Task to carry out
Within the listing below, the lines to output run from the one containing "A straight forward" through the one containing "就是胎儿有可能发育畸形或伴有智力异常。建议做羊水穿刺确诊。"; copy them exactly and nothing else.

________

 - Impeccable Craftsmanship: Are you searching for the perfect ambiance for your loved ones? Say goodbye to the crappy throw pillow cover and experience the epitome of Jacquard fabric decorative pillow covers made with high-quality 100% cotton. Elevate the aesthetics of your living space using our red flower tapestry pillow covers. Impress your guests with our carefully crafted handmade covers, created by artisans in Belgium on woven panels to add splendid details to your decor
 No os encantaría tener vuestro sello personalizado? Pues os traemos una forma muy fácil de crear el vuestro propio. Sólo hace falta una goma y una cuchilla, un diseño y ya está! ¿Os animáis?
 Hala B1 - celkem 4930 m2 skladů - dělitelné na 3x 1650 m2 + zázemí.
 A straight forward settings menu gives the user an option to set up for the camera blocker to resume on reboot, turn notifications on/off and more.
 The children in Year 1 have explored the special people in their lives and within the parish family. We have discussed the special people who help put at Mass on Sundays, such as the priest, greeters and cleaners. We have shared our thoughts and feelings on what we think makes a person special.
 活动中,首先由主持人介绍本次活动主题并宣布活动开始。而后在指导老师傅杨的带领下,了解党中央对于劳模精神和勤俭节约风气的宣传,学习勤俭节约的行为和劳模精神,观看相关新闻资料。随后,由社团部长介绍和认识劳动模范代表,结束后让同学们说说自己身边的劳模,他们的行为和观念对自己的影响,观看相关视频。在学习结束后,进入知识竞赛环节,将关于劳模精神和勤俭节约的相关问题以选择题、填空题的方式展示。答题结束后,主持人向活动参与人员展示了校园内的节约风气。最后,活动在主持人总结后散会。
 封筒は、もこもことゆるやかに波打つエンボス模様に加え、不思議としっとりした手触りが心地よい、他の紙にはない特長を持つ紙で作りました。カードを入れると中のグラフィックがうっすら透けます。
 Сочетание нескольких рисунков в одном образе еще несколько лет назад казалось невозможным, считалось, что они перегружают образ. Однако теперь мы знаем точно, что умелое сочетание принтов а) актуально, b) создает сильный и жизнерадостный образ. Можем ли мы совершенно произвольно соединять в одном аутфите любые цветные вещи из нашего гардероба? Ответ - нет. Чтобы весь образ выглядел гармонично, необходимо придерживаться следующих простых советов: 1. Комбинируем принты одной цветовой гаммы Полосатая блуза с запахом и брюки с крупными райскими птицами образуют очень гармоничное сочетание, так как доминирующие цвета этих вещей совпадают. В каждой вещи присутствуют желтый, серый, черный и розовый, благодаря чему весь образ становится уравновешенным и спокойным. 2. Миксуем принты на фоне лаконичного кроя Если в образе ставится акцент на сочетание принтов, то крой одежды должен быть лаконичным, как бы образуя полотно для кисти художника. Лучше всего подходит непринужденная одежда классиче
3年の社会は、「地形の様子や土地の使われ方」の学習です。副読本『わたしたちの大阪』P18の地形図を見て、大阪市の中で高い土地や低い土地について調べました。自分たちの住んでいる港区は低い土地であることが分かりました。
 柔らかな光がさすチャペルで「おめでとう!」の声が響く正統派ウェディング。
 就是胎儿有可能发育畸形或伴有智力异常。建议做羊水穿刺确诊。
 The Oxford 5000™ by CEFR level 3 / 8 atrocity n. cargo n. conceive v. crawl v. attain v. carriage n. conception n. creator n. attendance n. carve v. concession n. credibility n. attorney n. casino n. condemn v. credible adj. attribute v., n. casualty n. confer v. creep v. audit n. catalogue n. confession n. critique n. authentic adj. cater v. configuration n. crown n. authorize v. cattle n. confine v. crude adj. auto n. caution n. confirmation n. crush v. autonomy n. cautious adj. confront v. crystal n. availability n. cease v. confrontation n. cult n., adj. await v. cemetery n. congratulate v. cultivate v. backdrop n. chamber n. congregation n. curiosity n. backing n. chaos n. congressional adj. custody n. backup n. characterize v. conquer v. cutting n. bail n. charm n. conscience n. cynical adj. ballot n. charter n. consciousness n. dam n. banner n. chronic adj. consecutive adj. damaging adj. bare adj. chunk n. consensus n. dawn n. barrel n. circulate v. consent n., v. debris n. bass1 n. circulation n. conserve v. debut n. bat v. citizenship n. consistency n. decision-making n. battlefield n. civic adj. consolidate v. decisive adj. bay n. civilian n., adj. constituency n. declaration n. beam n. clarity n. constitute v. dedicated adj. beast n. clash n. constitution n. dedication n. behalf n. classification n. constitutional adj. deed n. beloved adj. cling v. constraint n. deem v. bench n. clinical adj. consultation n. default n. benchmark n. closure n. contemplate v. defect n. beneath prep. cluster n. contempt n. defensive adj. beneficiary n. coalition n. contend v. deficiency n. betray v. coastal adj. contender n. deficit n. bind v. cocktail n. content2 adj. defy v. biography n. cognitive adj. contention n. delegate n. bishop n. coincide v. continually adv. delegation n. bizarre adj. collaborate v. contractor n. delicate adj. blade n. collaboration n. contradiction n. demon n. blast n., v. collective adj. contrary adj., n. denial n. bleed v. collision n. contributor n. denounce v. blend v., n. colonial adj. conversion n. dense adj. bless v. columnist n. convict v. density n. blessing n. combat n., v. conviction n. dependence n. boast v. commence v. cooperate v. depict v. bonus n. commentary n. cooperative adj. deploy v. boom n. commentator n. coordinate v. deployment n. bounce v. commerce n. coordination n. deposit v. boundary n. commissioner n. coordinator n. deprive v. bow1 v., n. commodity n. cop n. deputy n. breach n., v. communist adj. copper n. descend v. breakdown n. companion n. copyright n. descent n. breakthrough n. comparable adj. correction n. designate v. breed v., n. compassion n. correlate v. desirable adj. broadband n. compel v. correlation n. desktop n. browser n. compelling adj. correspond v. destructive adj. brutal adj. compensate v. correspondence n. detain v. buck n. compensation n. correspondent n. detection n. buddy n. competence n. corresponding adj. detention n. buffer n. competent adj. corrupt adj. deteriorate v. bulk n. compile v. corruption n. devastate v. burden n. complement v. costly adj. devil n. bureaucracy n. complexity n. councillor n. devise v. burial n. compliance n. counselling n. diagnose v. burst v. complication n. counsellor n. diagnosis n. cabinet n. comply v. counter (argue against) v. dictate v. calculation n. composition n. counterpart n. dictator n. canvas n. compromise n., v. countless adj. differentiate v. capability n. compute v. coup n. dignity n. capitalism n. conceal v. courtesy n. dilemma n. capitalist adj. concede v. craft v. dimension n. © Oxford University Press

________

Response box
 A straight forward settings menu gives the user an option to set up for the camera blocker to resume on reboot, turn notifications on/off and more.
 The children in Year 1 have explored the special people in their lives and within the parish family. We have discussed the special people who help put at Mass on Sundays, such as the priest, greeters and cleaners. We have shared our thoughts and feelings on what we think makes a person special.
 活动中,首先由主持人介绍本次活动主题并宣布活动开始。而后在指导老师傅杨的带领下,了解党中央对于劳模精神和勤俭节约风气的宣传,学习勤俭节约的行为和劳模精神,观看相关新闻资料。随后,由社团部长介绍和认识劳动模范代表,结束后让同学们说说自己身边的劳模,他们的行为和观念对自己的影响,观看相关视频。在学习结束后,进入知识竞赛环节,将关于劳模精神和勤俭节约的相关问题以选择题、填空题的方式展示。答题结束后,主持人向活动参与人员展示了校园内的节约风气。最后,活动在主持人总结后散会。
 封筒は、もこもことゆるやかに波打つエンボス模様に加え、不思議としっとりした手触りが心地よい、他の紙にはない特長を持つ紙で作りました。カードを入れると中のグラフィックがうっすら透けます。
 Сочетание нескольких рисунков в одном образе еще несколько лет назад казалось невозможным, считалось, что они перегружают образ. Однако теперь мы знаем точно, что умелое сочетание принтов а) актуально, b) создает сильный и жизнерадостный образ. Можем ли мы совершенно произвольно соединять в одном аутфите любые цветные вещи из нашего гардероба? Ответ - нет. Чтобы весь образ выглядел гармонично, необходимо придерживаться следующих простых советов: 1. Комбинируем принты одной цветовой гаммы Полосатая блуза с запахом и брюки с крупными райскими птицами образуют очень гармоничное сочетание, так как доминирующие цвета этих вещей совпадают. В каждой вещи присутствуют желтый, серый, черный и розовый, благодаря чему весь образ становится уравновешенным и спокойным. 2. Миксуем принты на фоне лаконичного кроя Если в образе ставится акцент на сочетание принтов, то крой одежды должен быть лаконичным, как бы образуя полотно для кисти художника. Лучше всего подходит непринужденная одежда классиче
3年の社会は、「地形の様子や土地の使われ方」の学習です。副読本『わたしたちの大阪』P18の地形図を見て、大阪市の中で高い土地や低い土地について調べました。自分たちの住んでいる港区は低い土地であることが分かりました。
 柔らかな光がさすチャペルで「おめでとう!」の声が響く正統派ウェディング。
 就是胎儿有可能发育畸形或伴有智力异常。建议做羊水穿刺确诊。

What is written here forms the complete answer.